* Data

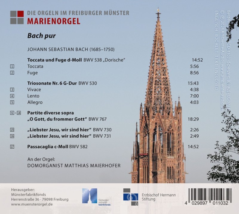 Après avoir enseigné à la Hochschule für Musik und Theater Felix Mendelssohn Bartholdy de Leipzig puis à l’Université d’Austin (Texas), Matthias Maierhofer est depuis 2016 professeur à la Hochschule für Musik de Freiburg, organiste titulaire des orgues du Münster et directeur artistique des Internationale Orgelkonzerte im Freiburger Münster – quinze concerts pour cette saison 2025, entre mi-juin et fin septembre. Enregistrés entre 2019 et 2024 (un CD pour chaque orgue dans un répertoire spécifique avec nombre de raretés, cependant que le cinquième réunit les quatre orgues), ces cinq CD font l’objet d’une double parution, séparément et en coffret – remarquables prises de son signées Toms Spogis.
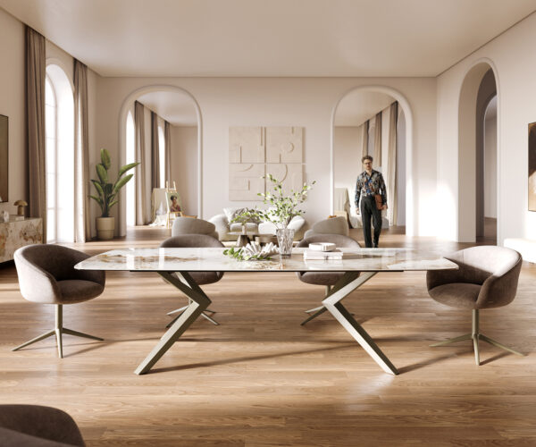 Modern, elegáns, nagyszerű – az Edge étkezőasztal Minas Melange kerámiából hajóformában
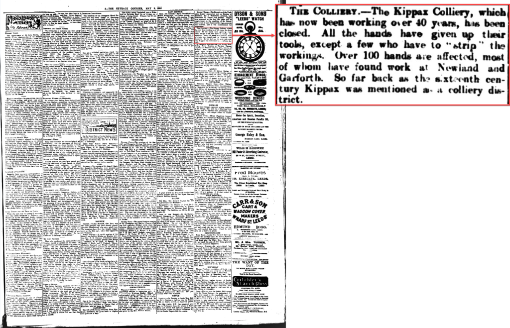 Kippax colliery closes in 1903 after more than 40 years of operation.
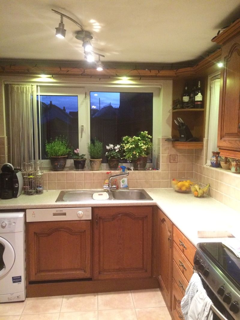 There is not much to paint in the kitchen, just a small wall and round the Windows but what would go with the wood cupboards? Just not magnolia/white.
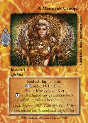 Szöveg: Kedvelt lap: angyal. (K2), áldozd fel X ÉP-d: célpont lény gyógyul X-et. (J): kijátszhatod egy gyűjtőben lévő angyalod, mintha a kezedben lenne.
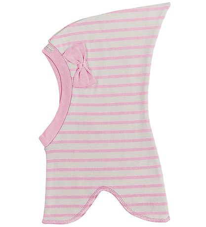 Beautiful Racing Kids balaclava in beige, with horizontal stripes in pink. On the left side there is a sweet bow.
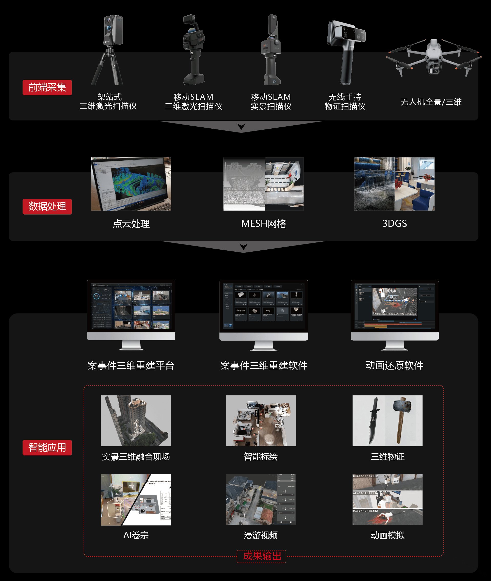 智能应用:多源数据统一接入“臻3D软件/平台”,多元数据融合展示、三维物证、AI三录材料、漫游视频、案件还原动画等业务成果输出。
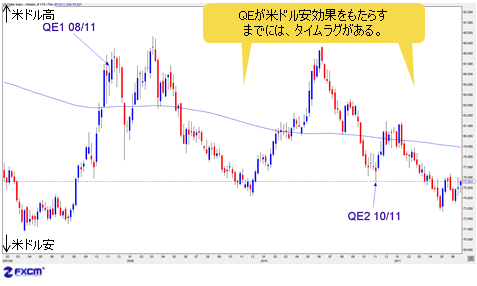 下のドルインデックスチャートでは、QE1とQE2の実施開始日を示しており、量的緩和策がもたらした米ドル安効果は、かなりタイムラグをもって効いてきていることが一目瞭然だ。
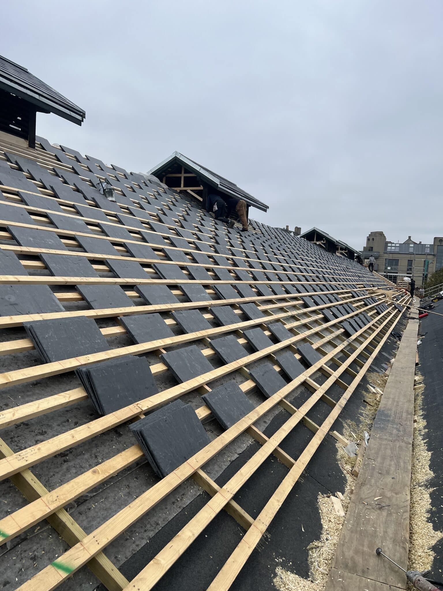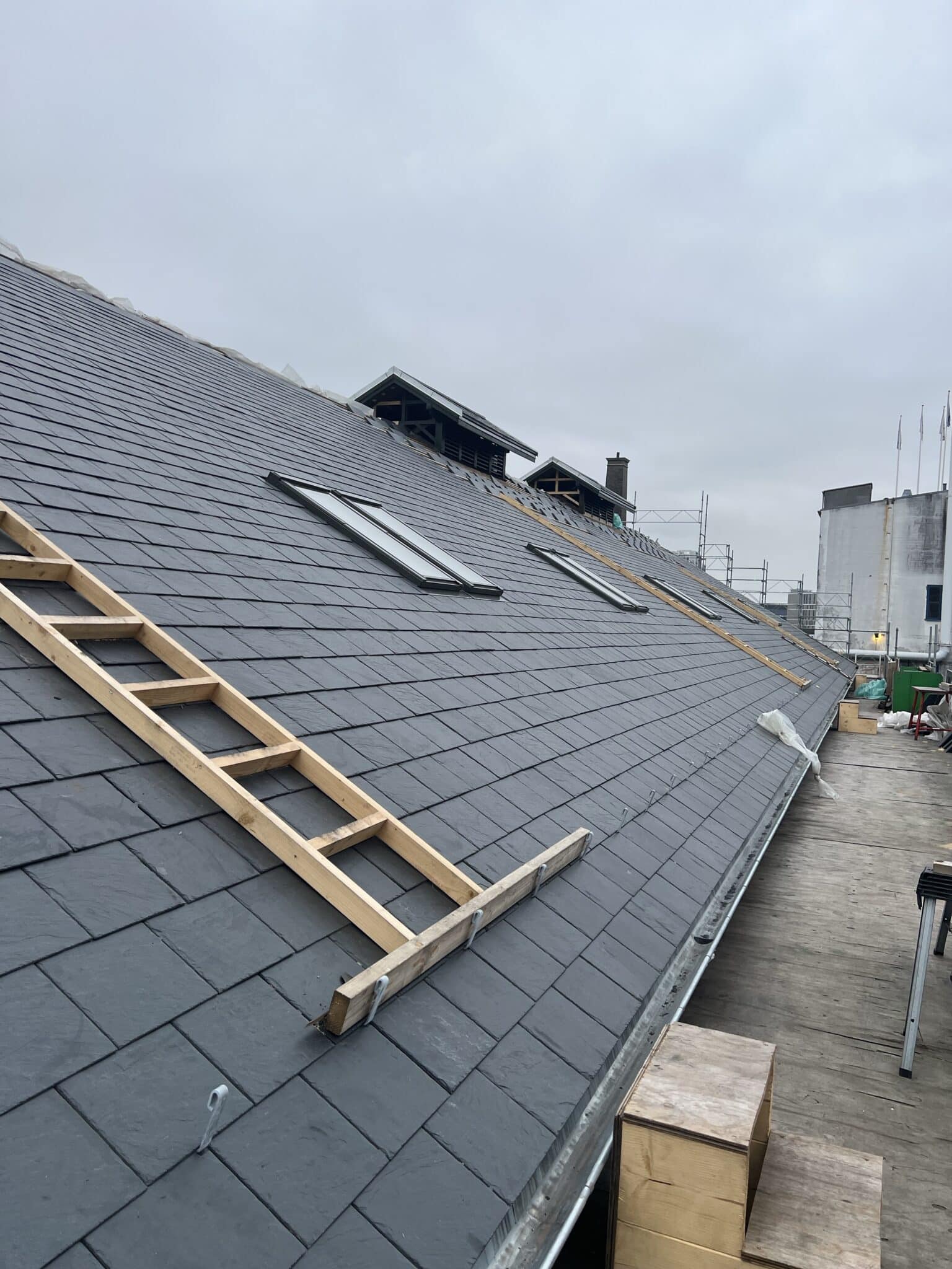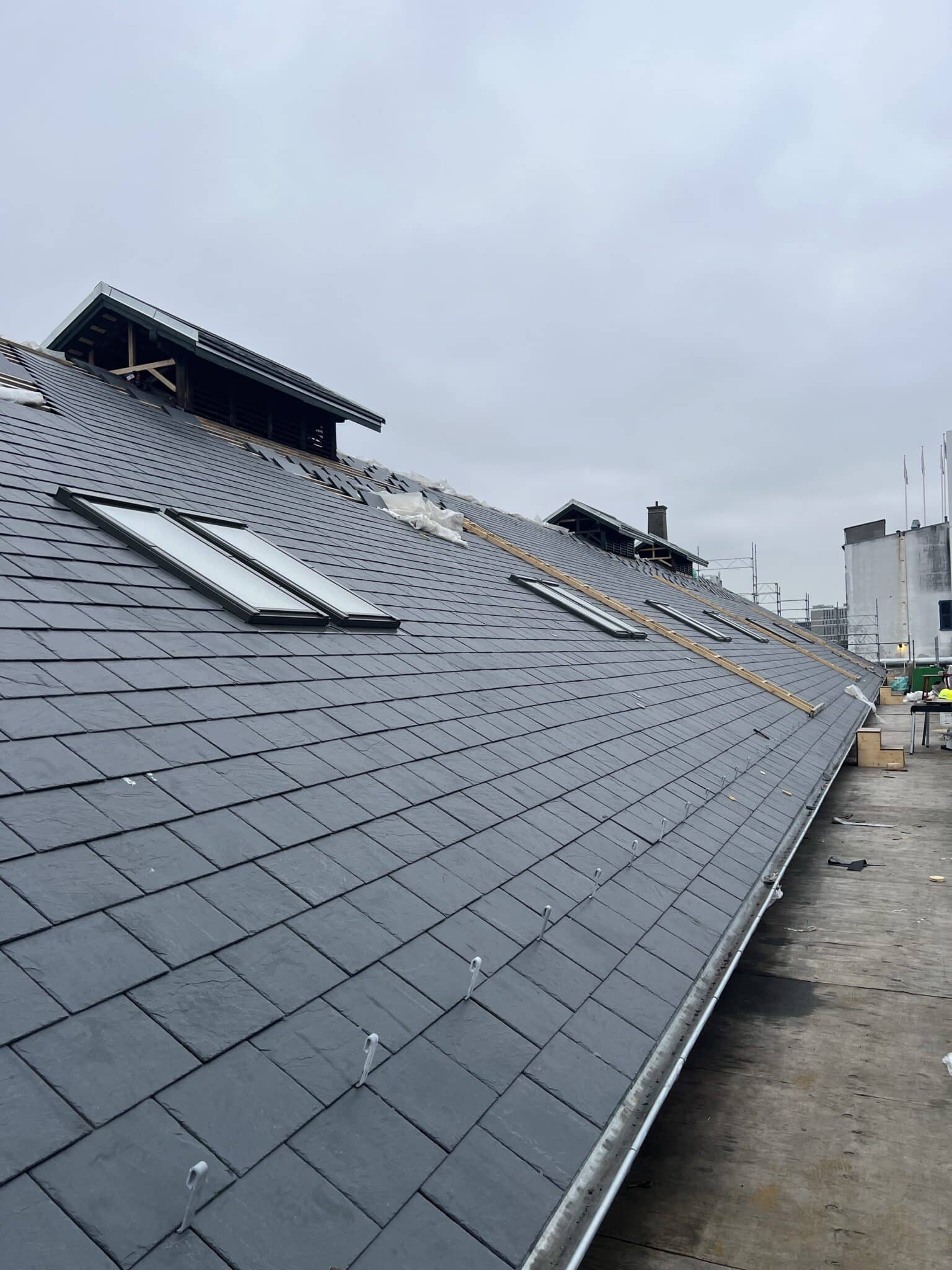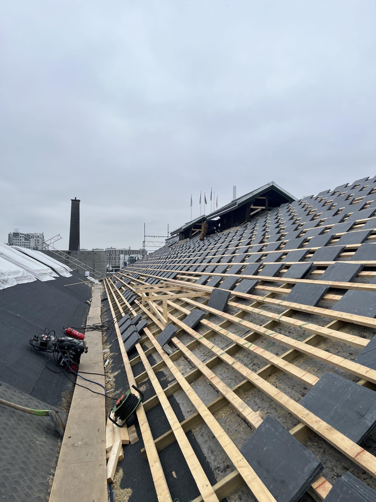 I kødbyen har vi medvirket til at give ejendommen nyt liv med nyt naturskifertag, inddækninger omkring ovenlys vinduer medvidere.

* What the task asks
Omitting all pictures, give the preceding listing again exactly.

* Final answer
 Après avoir enseigné à la Hochschule für Musik und Theater Felix Mendelssohn Bartholdy de Leipzig puis à l’Université d’Austin (Texas), Matthias Maierhofer est depuis 2016 professeur à la Hochschule für Musik de Freiburg, organiste titulaire des orgues du Münster et directeur artistique des Internationale Orgelkonzerte im Freiburger Münster – quinze concerts pour cette saison 2025, entre mi-juin et fin septembre. Enregistrés entre 2019 et 2024 (un CD pour chaque orgue dans un répertoire spécifique avec nombre de raretés, cependant que le cinquième réunit les quatre orgues), ces cinq CD font l’objet d’une double parution, séparément et en coffret – remarquables prises de son signées Toms Spogis.
 Modern, elegáns, nagyszerű – az Edge étkezőasztal Minas Melange kerámiából hajóformában
 Kippax colliery closes in 1903 after more than 40 years of operation.
 There is not much to paint in the kitchen, just a small wall and round the Windows but what would go with the wood cupboards? Just not magnolia/white.
 Szöveg: Kedvelt lap: angyal. (K2), áldozd fel X ÉP-d: célpont lény gyógyul X-et. (J): kijátszhatod egy gyűjtőben lévő angyalod, mintha a kezedben lenne.
 Beautiful Racing Kids balaclava in beige, with horizontal stripes in pink. On the left side there is a sweet bow.
 智能应用:多源数据统一接入“臻3D软件/平台”,多元数据融合展示、三维物证、AI三录材料、漫游视频、案件还原动画等业务成果输出。
 下のドルインデックスチャートでは、QE1とQE2の実施開始日を示しており、量的緩和策がもたらした米ドル安効果は、かなりタイムラグをもって効いてきていることが一目瞭然だ。
 I kødbyen har vi medvirket til at give ejendommen nyt liv med nyt naturskifertag, inddækninger omkring ovenlys vinduer medvidere.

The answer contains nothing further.